START Listed records
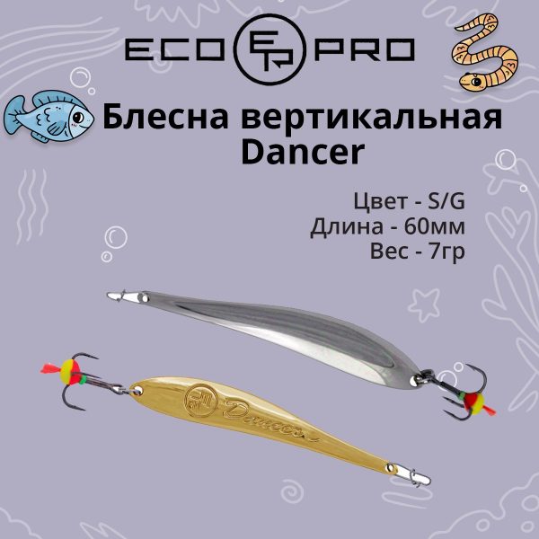 × Блесна для рыбалки ECOPRO Dancer, 60мм, 7г,S/G, вертикальная 385,00
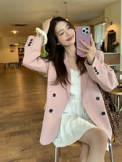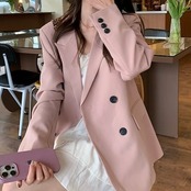 2024秋冬トップス ジャケット 長袖 ボタン テーラードカラー ゆったり 細見え 秋 ピンク おしゃれ かわいい ガーリー キュート 甘め 韓国ファッション レディース お出かけ
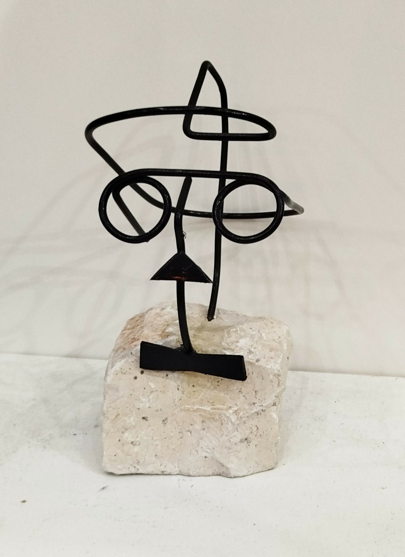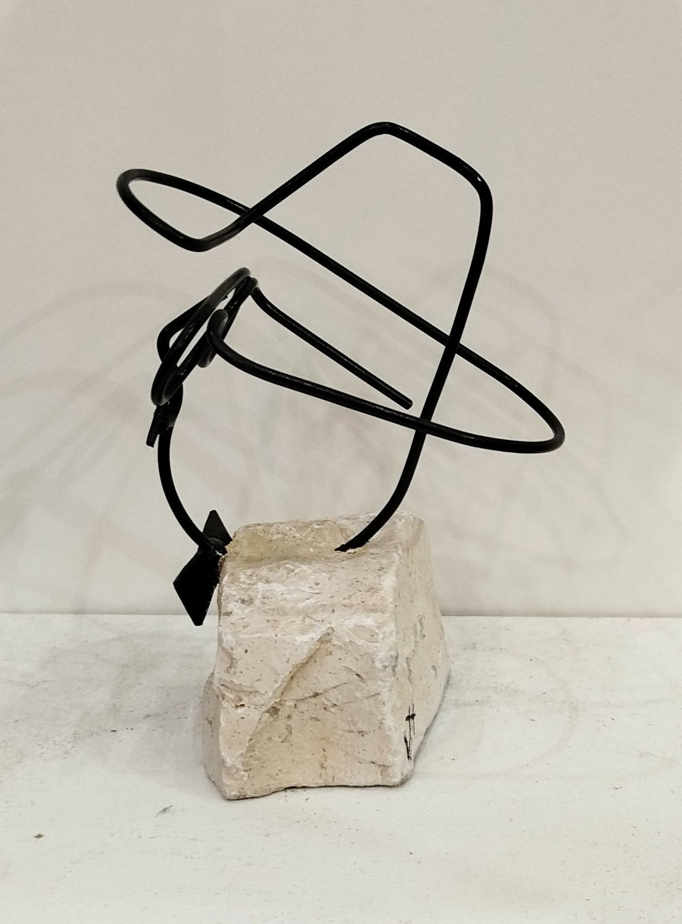 Escultura en piedra caliza blanca y hierro.
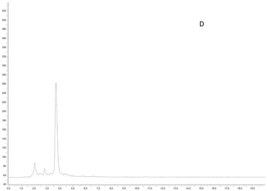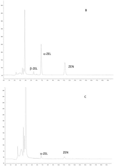 The results of the validation study are reported in Table S1 of the Supplementary Materials. The average recoveries were between 63% and 75% with satisfactory RSD, thus completely fulfilling the performance criteria fixed by the European Commission Regulation (2006) [], i.e., recovery in the range of 50–120% and 70–110% for levels < 1 and between 1 and 10 ng/g, respectively. Figure 2 shows chromatograms of the liver sample of one wild boar naturally contaminated with ZEA and α-ZEL.
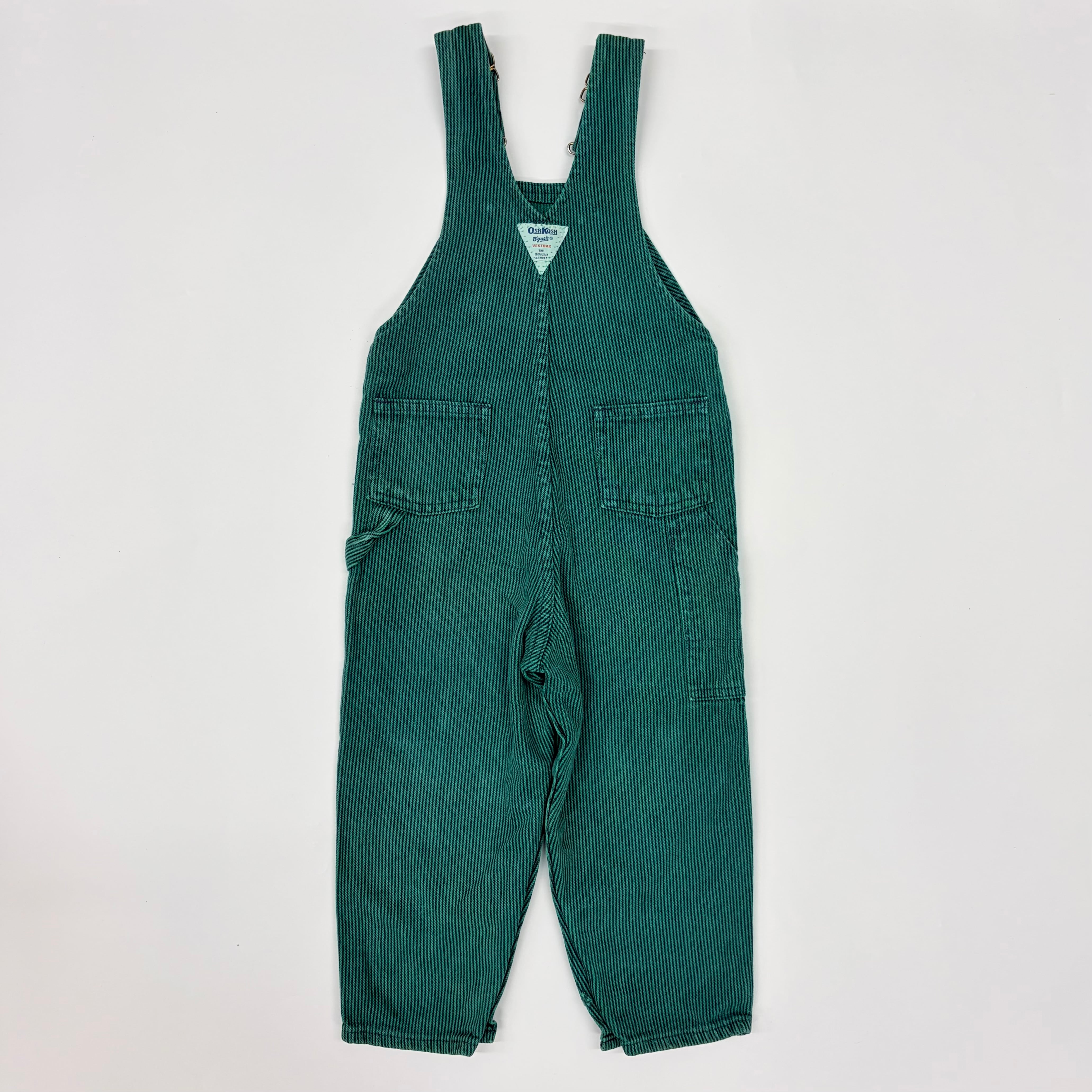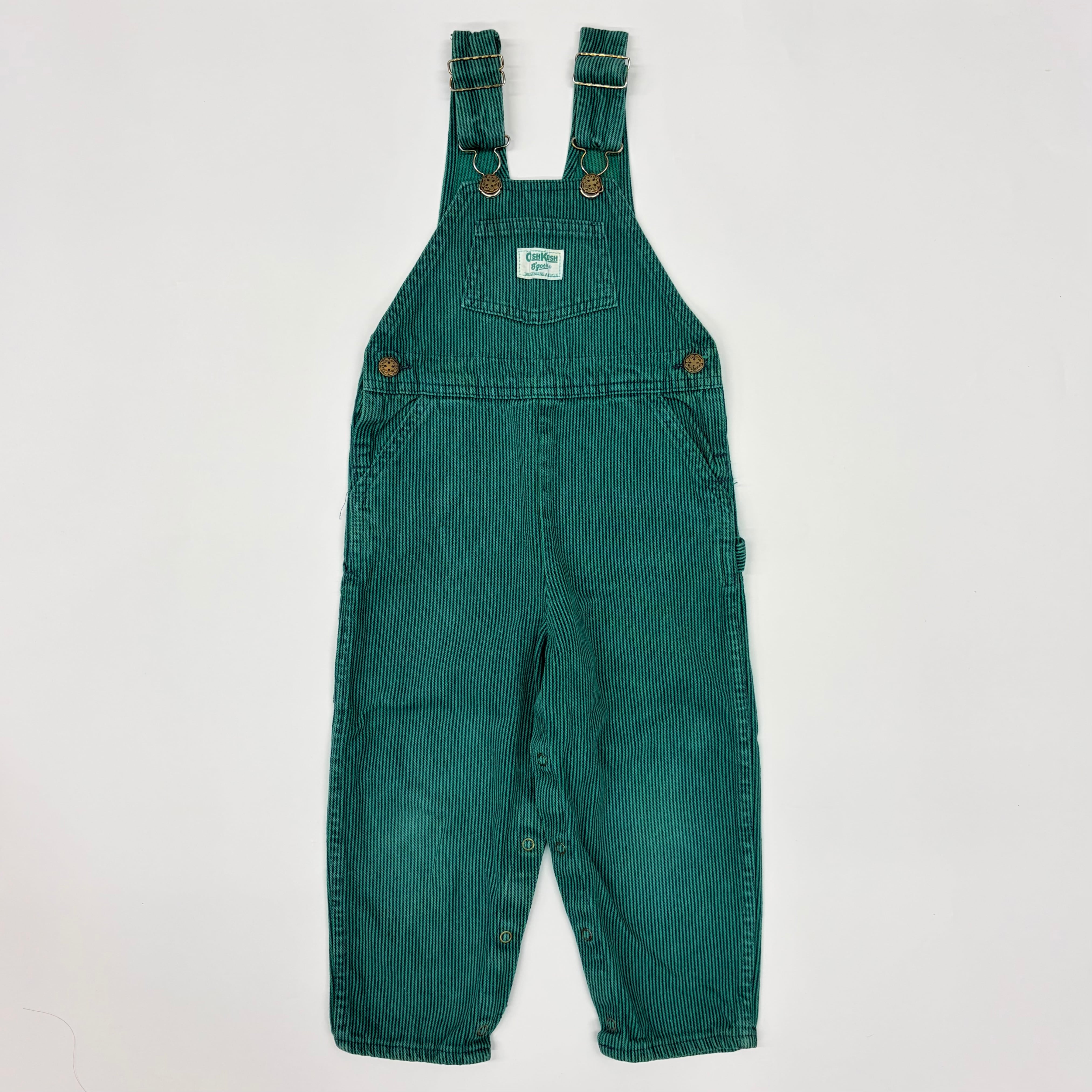 【4T】USA製 Oshkosh hickory green stripe overall オシュコシュ ヒッコリー グリーンストライプ オーバーオール
END Listed records
### Task to complete
The answer should hold every entry exactly as given and no pictures at all.

### Answer
 × Блесна для рыбалки ECOPRO Dancer, 60мм, 7г,S/G, вертикальная 385,00
 2024秋冬トップス ジャケット 長袖 ボタン テーラードカラー ゆったり 細見え 秋 ピンク おしゃれ かわいい ガーリー キュート 甘め 韓国ファッション レディース お出かけ
 Escultura en piedra caliza blanca y hierro.
 The results of the validation study are reported in Table S1 of the Supplementary Materials. The average recoveries were between 63% and 75% with satisfactory RSD, thus completely fulfilling the performance criteria fixed by the European Commission Regulation (2006) [], i.e., recovery in the range of 50–120% and 70–110% for levels < 1 and between 1 and 10 ng/g, respectively. Figure 2 shows chromatograms of the liver sample of one wild boar naturally contaminated with ZEA and α-ZEL.
 【4T】USA製 Oshkosh hickory green stripe overall オシュコシュ ヒッコリー グリーンストライプ オーバーオール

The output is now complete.